We anticipate there will be questions and feedback and want to make sure they are being addressed. We already have an active forum with FAQs here https://mapsapidocs.digitalglobe.com/discuss. This post is replicated on OSM Forum and I’m available on OSM help or you can hit me up directly with any additional questions. We are working to provide metadata (image acquisition date) for all of the imagery provided. This will be a huge tool for OSM mappers. We are also going to post the imagery specification.

We appreciate the OSM community’s awareness and diligence for licensing, so we wanted to be clear on the intended uses for this service. We have a short human readable EULA to summarize terms for editing OpenStreetMap :

DigitalGlobe Satellite EULA: DigitalGlobe, Inc. is pleased to provide its high resolution satellite imagery to OpenStreetMap in support of its mapping initiatives. By using our imagery in the OSM editor, you understand and agree that you may only use our imagery to trace, and validate edits that must be contributed back to OSM. You cannot download our imagery or use our imagery for any other purpose. We retain all right, title and interest in and to our imagery. We provide our imagery “as is,” with all faults and as available; we disclaim all warranties, express or implied, to the extent permitted by applicable law. You can recover from us only direct damages up to an amount equal to the fees you have paid to us to use our imagery on OSM, if any. We are not liable for any other damages, including consequential, lost profits, special, indirect, incidental or punitive damages. Happy mapping!

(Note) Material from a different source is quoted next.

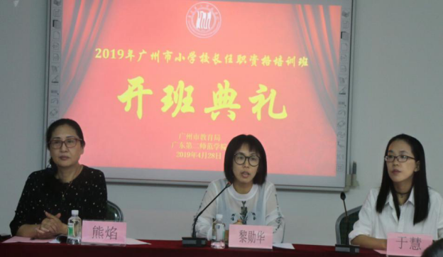 2019年4月28日上午,由51吃瓜 主办、广东第二师范学院承办的2019年广州市小学校长任职资格培训顺利开班。广东第二师范学院教师研修学院院长熊焰教授、副院长于慧副教授,广州市教育评估和教师继续教育指导中心继续教育部黎勋华主任以及60名学员出席了开班典礼,典礼由于慧副教授主持。
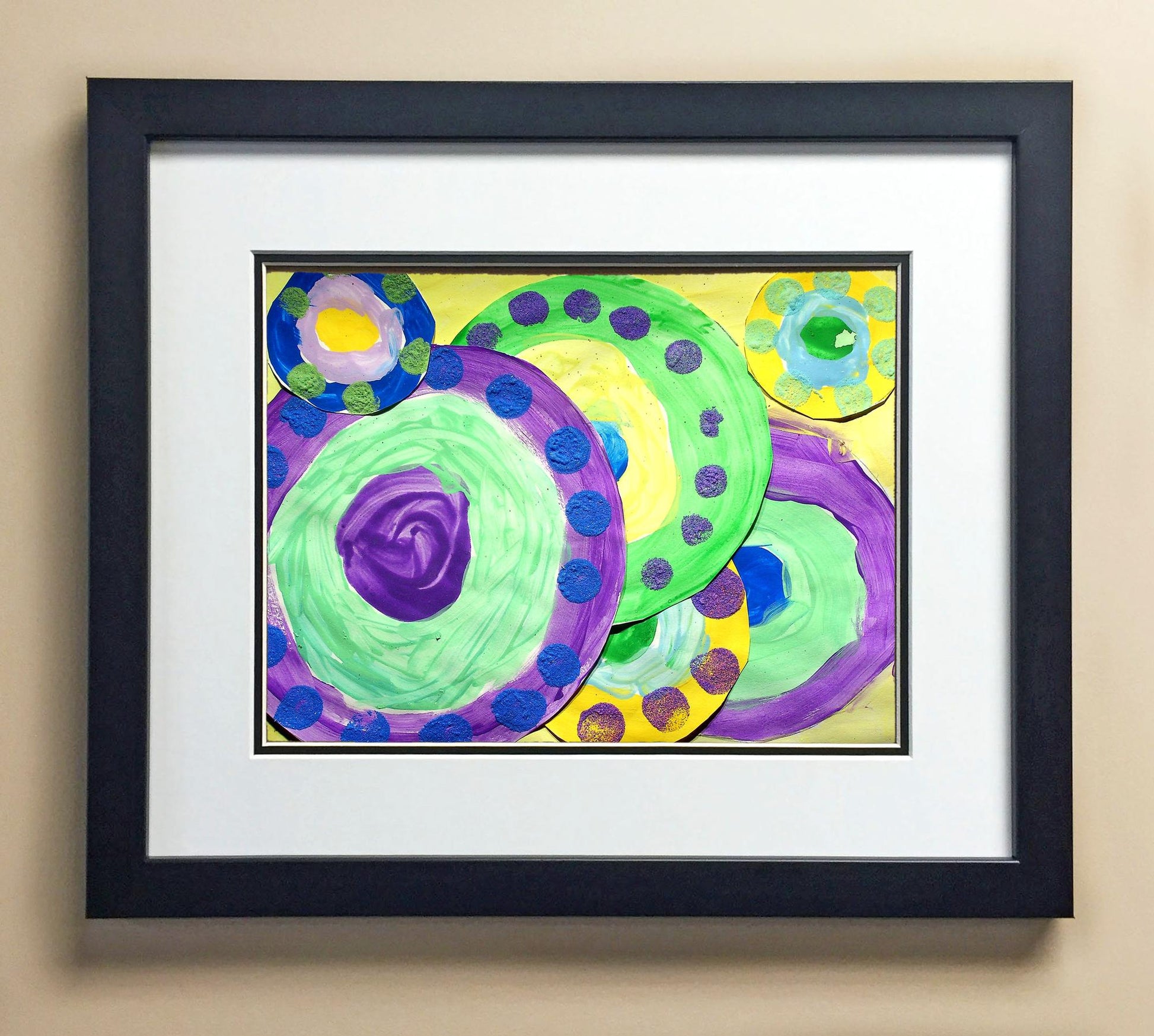 Included with the purchase is the Students Artwork, Frame, double matboard, shatter proof plexiglass, and a ready to hang backerboard with turnbuttons

Attribution should be source=DigitalGlobe

DG Blog post: http://blog.digitalglobe.com/news/digitalglobe-satellite-imagery-launch-for-openstreetmap/

Sincerely, Kevin Bullock

Location: Westminster, Adams County, Colorado, United States of America

Comment from imagico on 9 May 2017 at 17:09

This is great news, thanks to DG and supporters for making this possible.

A quick look at the imagery indicates there is quite a lot of useful stuff in there - even if there is obviously a lot of overlap with imagery we already know from Bing and Mapbox there are also images were existing sources provide nothing of comparable resolution and furthermore there are many areas where having an additional, different image is useful for verification.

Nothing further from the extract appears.